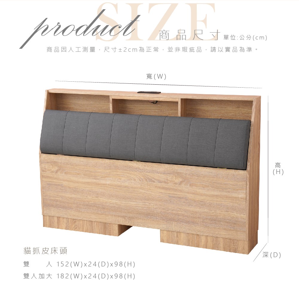 【本木】夏洛特 USB插座貓抓皮收納床頭-雙人5尺梧桐
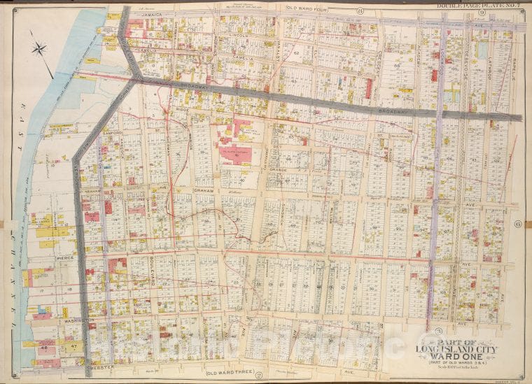Historic Map - 1908 Queens, Vol. 2, Double Page No. 7; Part Of Long Island City Ward One (Part Of Old Wards 3 & 4)
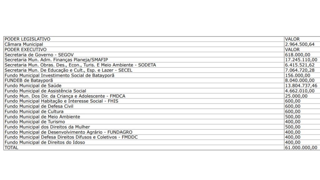 Para o exercício de 2023, a prefeitura de Batayporã estima orçamento com receita e fixa despesas em R$ 61 milhões. A LOA (Lei Orçamentária Anual) foi publicada nesta sexta-feira (23) no Diário Oficial da Assomasul (Associação dos Municípios de Mato Grosso do Sul).
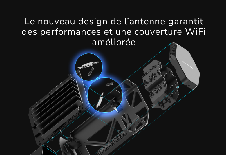 Le nouveau boîtier élégant offre un encombrement réduit et des antennes hautes performances jusqu'à 2,500 sq. ft. De couverture WiFi à 360 degrés
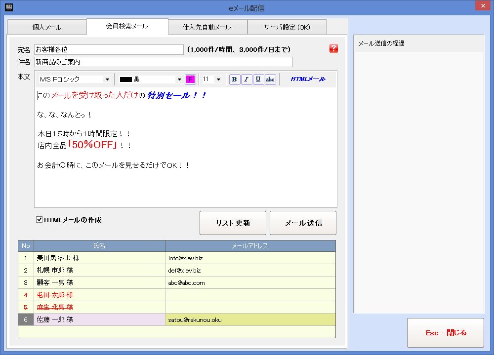 また、お客さんを指定して個別にもメールできますので「商品入荷の連絡」などもできますよね
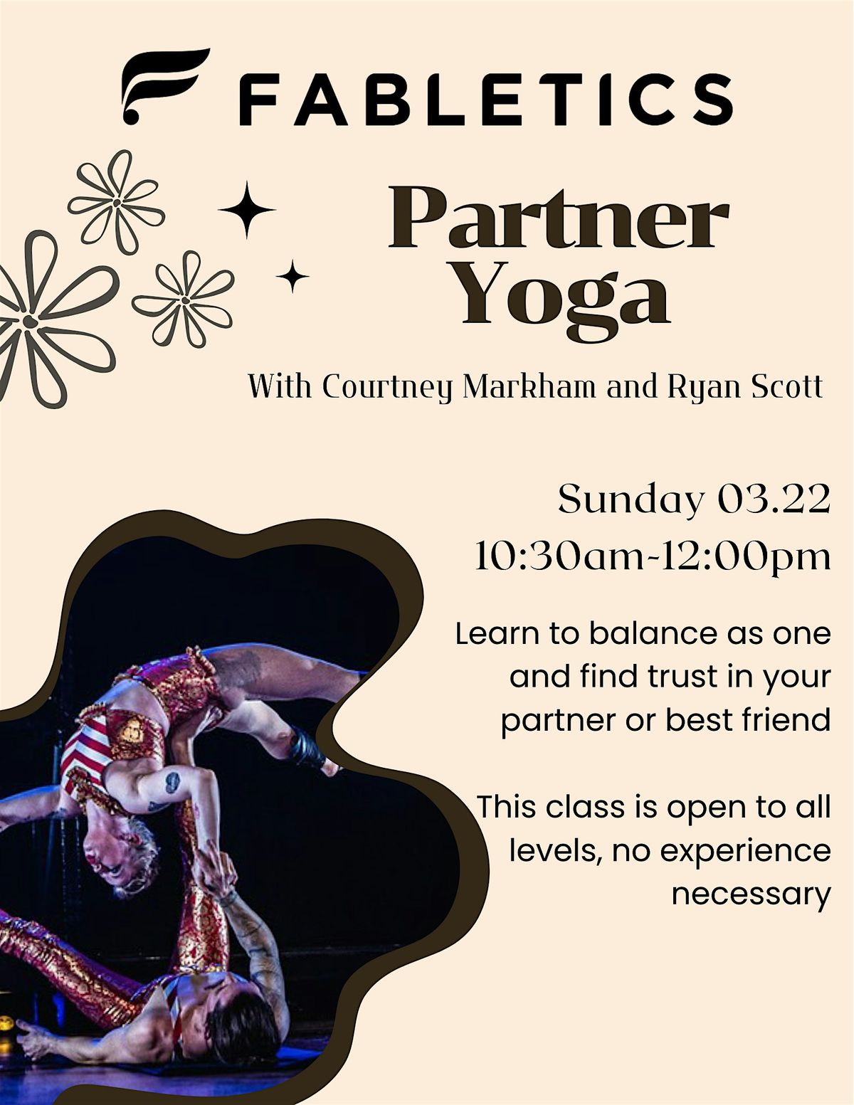 Join us in welcoming long time acro/circus partners, Courtney and Ryan! They will be showing us the ropes in learning how to trust your partner (or bestie), using the other person as counterbalance so you both may balance as one unit.
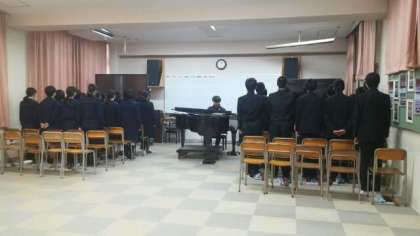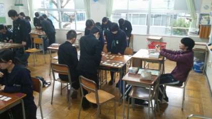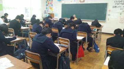 4時間目、1組は国語の授業で百人一首、2組は音楽で卒業式の歌の練習、3組は理科で公立一般選抜に向けて練習問題に取り組んでいました。それぞれの教科で最後の授業です。
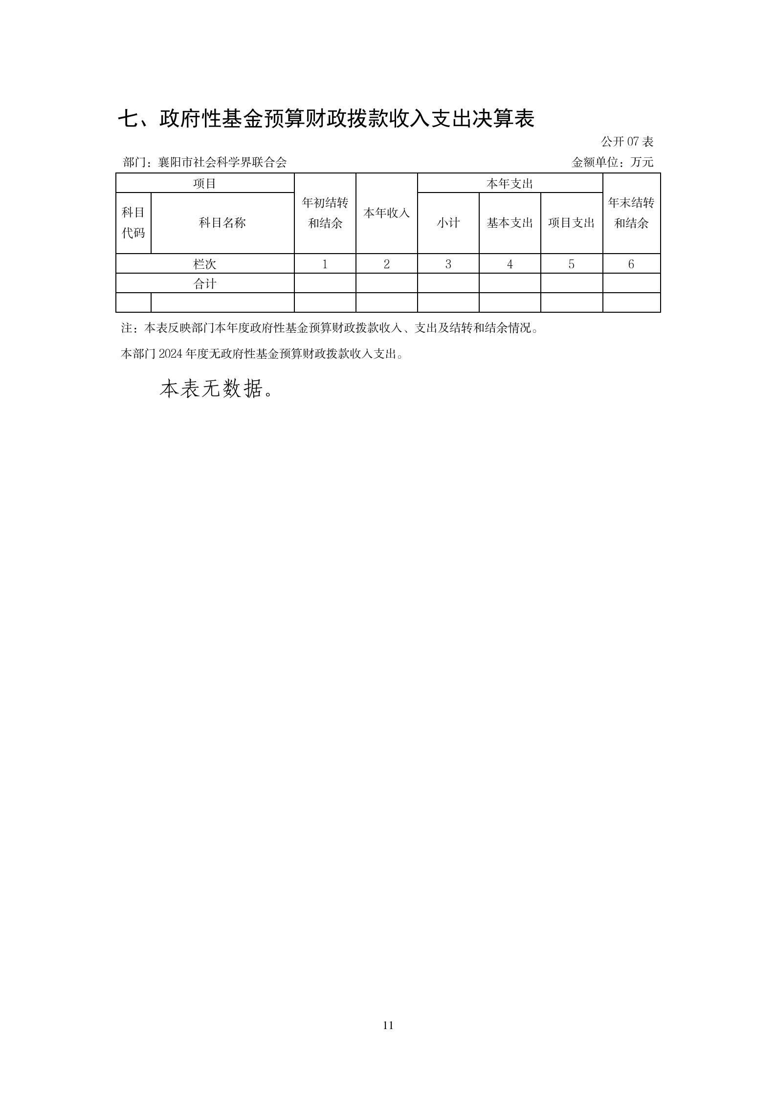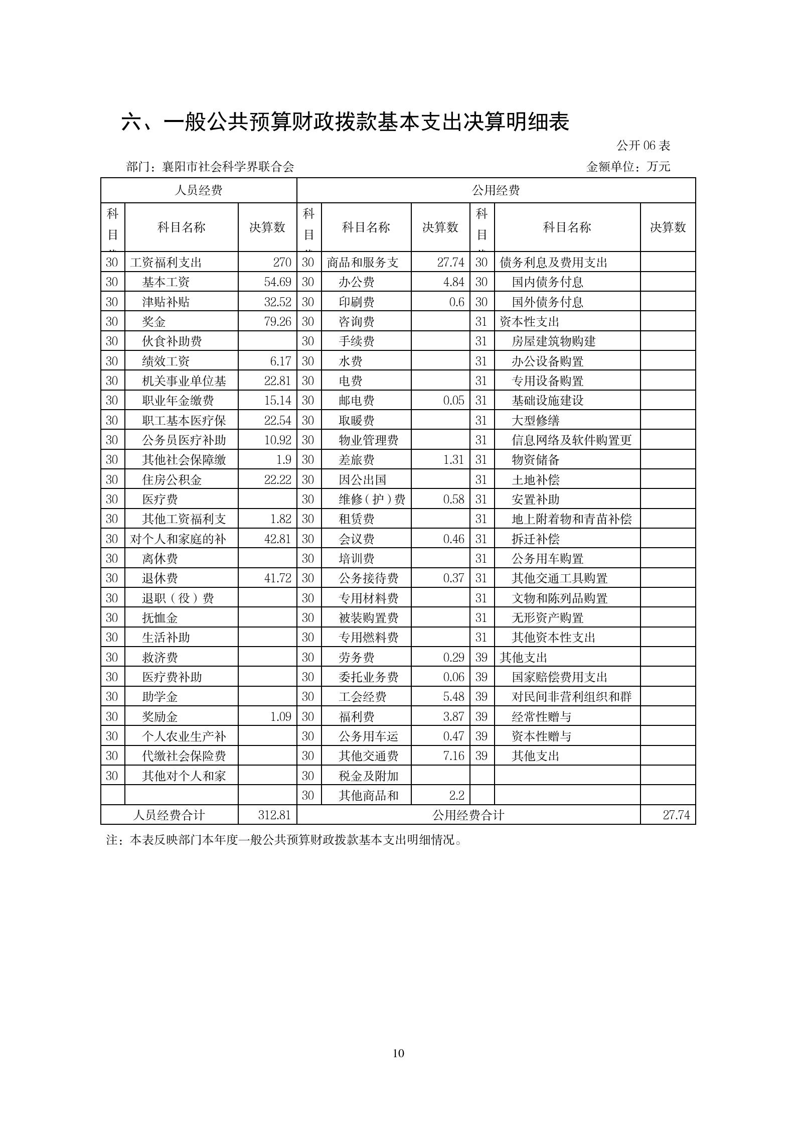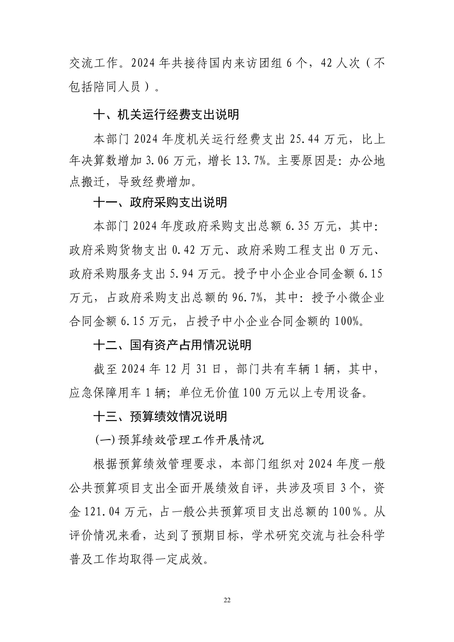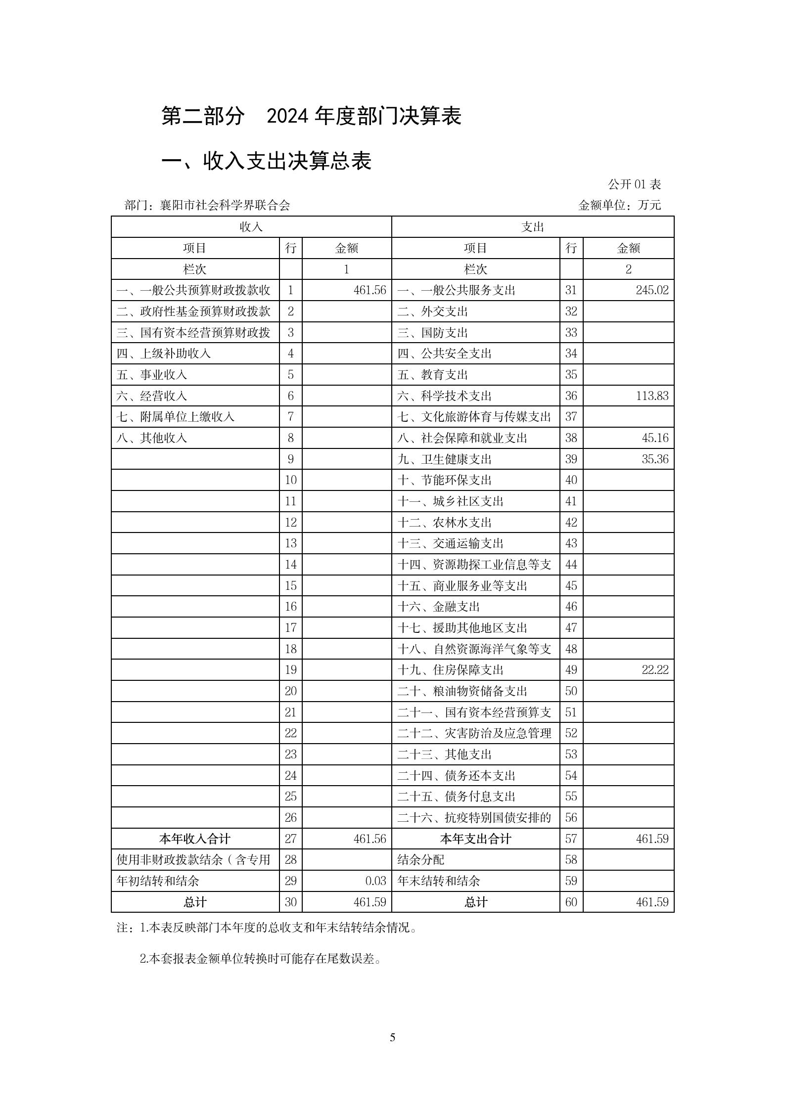 襄阳市社会科学界联合会部门(汇总)2024年决算公开
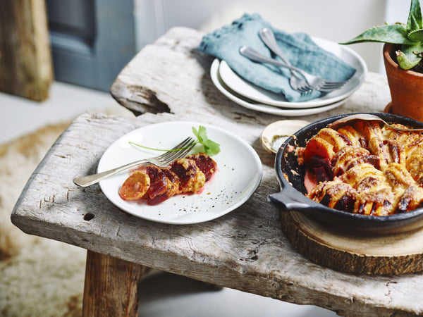 Gratin van rode biet en zoete aardappel
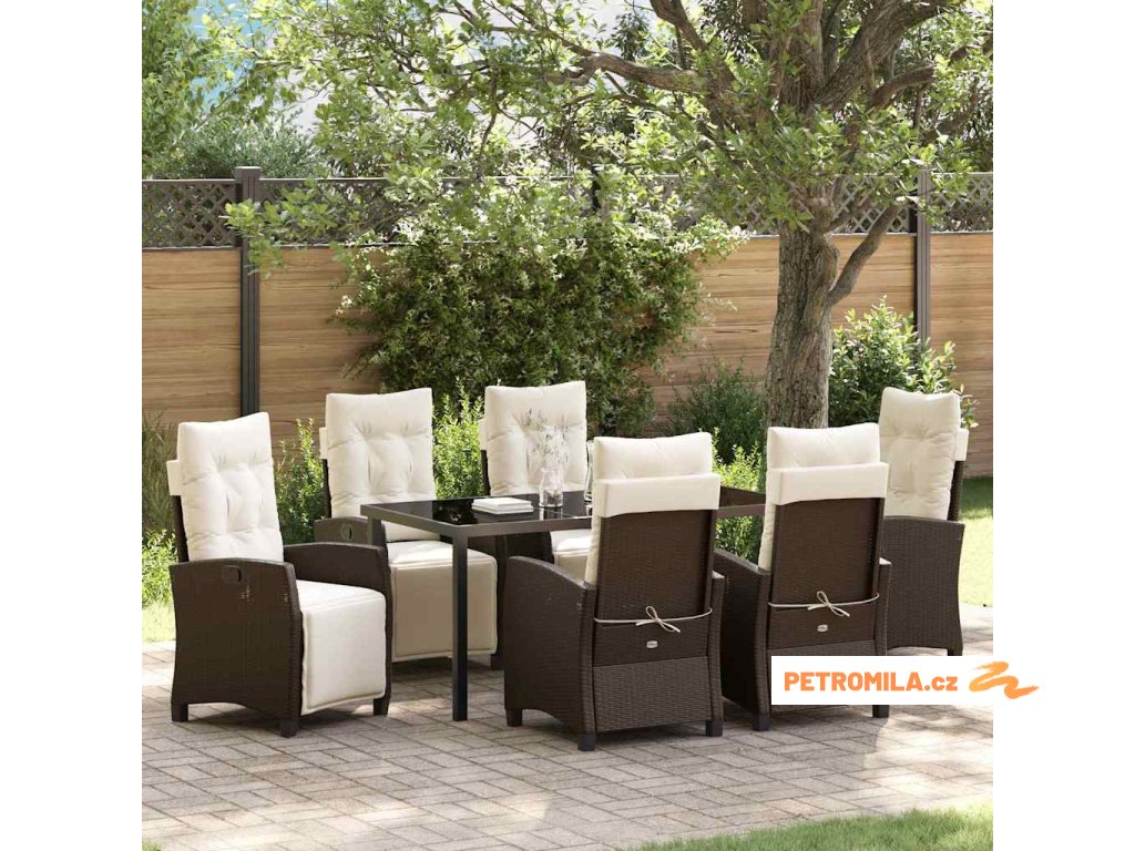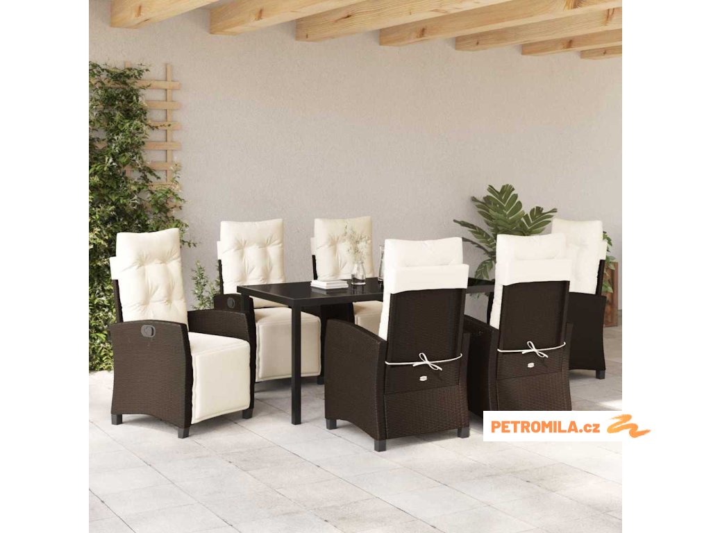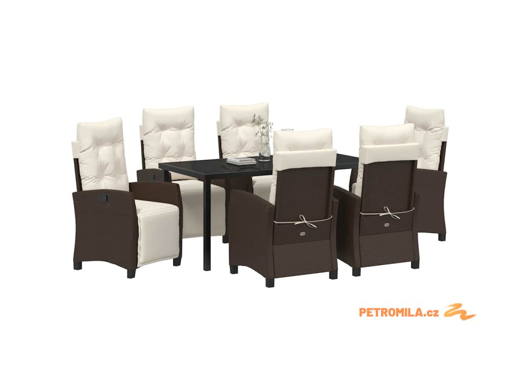 Zahradní jídelní souprava s polštářem 7 pcs Hnědá polyratan

----

• Exercise prompt:
Nothing but an exact copy is needed, covering the lines from the line with "Historic Map - 1908" through the last line of the entries, pictures excluded.

• Output for this exercise:
Historic Map - 1908 Queens, Vol. 2, Double Page No. 7; Part Of Long Island City Ward One (Part Of Old Wards 3 & 4)
 Para o exercício de 2023, a prefeitura de Batayporã estima orçamento com receita e fixa despesas em R$ 61 milhões. A LOA (Lei Orçamentária Anual) foi publicada nesta sexta-feira (23) no Diário Oficial da Assomasul (Associação dos Municípios de Mato Grosso do Sul).
 Le nouveau boîtier élégant offre un encombrement réduit et des antennes hautes performances jusqu'à 2,500 sq. ft. De couverture WiFi à 360 degrés
 また、お客さんを指定して個別にもメールできますので「商品入荷の連絡」などもできますよね
 Join us in welcoming long time acro/circus partners, Courtney and Ryan! They will be showing us the ropes in learning how to trust your partner (or bestie), using the other person as counterbalance so you both may balance as one unit.
 4時間目、1組は国語の授業で百人一首、2組は音楽で卒業式の歌の練習、3組は理科で公立一般選抜に向けて練習問題に取り組んでいました。それぞれの教科で最後の授業です。
 襄阳市社会科学界联合会部门(汇总)2024年决算公开
 Gratin van rode biet en zoete aardappel
 Zahradní jídelní souprava s polštářem 7 pcs Hnědá polyratan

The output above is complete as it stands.